• [Exercise objective] Where the listing below has a line with "Коллекция Систематическая коллекция, №88956. Друза", write out exactly that line and every line after it, stopping after the line with "Lea atentamente el".

• [Information given]
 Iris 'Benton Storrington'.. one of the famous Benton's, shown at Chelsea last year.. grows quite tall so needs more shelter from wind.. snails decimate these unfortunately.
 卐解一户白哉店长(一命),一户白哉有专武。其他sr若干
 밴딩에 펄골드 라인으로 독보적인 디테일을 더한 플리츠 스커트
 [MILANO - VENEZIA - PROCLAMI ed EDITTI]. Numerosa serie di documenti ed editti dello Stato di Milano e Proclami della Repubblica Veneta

* * *

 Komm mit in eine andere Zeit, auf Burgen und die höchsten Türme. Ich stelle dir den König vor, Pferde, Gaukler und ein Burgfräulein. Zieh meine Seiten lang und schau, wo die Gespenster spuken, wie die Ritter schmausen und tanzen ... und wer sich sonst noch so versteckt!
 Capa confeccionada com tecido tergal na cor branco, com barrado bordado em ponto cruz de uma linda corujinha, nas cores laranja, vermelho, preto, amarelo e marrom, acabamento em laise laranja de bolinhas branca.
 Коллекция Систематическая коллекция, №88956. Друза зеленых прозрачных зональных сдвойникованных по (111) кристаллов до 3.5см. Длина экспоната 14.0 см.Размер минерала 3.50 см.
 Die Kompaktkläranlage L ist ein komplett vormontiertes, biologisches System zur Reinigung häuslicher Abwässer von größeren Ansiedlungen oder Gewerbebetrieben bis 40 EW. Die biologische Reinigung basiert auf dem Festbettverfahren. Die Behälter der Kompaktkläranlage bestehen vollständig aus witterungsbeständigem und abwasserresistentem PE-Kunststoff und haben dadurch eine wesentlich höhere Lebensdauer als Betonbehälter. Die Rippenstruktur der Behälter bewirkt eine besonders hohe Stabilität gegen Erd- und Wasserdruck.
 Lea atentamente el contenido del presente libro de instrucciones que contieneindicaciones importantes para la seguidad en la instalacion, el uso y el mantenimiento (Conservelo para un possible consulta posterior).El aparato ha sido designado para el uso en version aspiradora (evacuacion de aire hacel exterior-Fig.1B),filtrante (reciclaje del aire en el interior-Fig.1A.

• [Response area]
 Коллекция Систематическая коллекция, №88956. Друза зеленых прозрачных зональных сдвойникованных по (111) кристаллов до 3.5см. Длина экспоната 14.0 см.Размер минерала 3.50 см.
 Die Kompaktkläranlage L ist ein komplett vormontiertes, biologisches System zur Reinigung häuslicher Abwässer von größeren Ansiedlungen oder Gewerbebetrieben bis 40 EW. Die biologische Reinigung basiert auf dem Festbettverfahren. Die Behälter der Kompaktkläranlage bestehen vollständig aus witterungsbeständigem und abwasserresistentem PE-Kunststoff und haben dadurch eine wesentlich höhere Lebensdauer als Betonbehälter. Die Rippenstruktur der Behälter bewirkt eine besonders hohe Stabilität gegen Erd- und Wasserdruck.
 Lea atentamente el contenido del presente libro de instrucciones que contieneindicaciones importantes para la seguidad en la instalacion, el uso y el mantenimiento (Conservelo para un possible consulta posterior).El aparato ha sido designado para el uso en version aspiradora (evacuacion de aire hacel exterior-Fig.1B),filtrante (reciclaje del aire en el interior-Fig.1A.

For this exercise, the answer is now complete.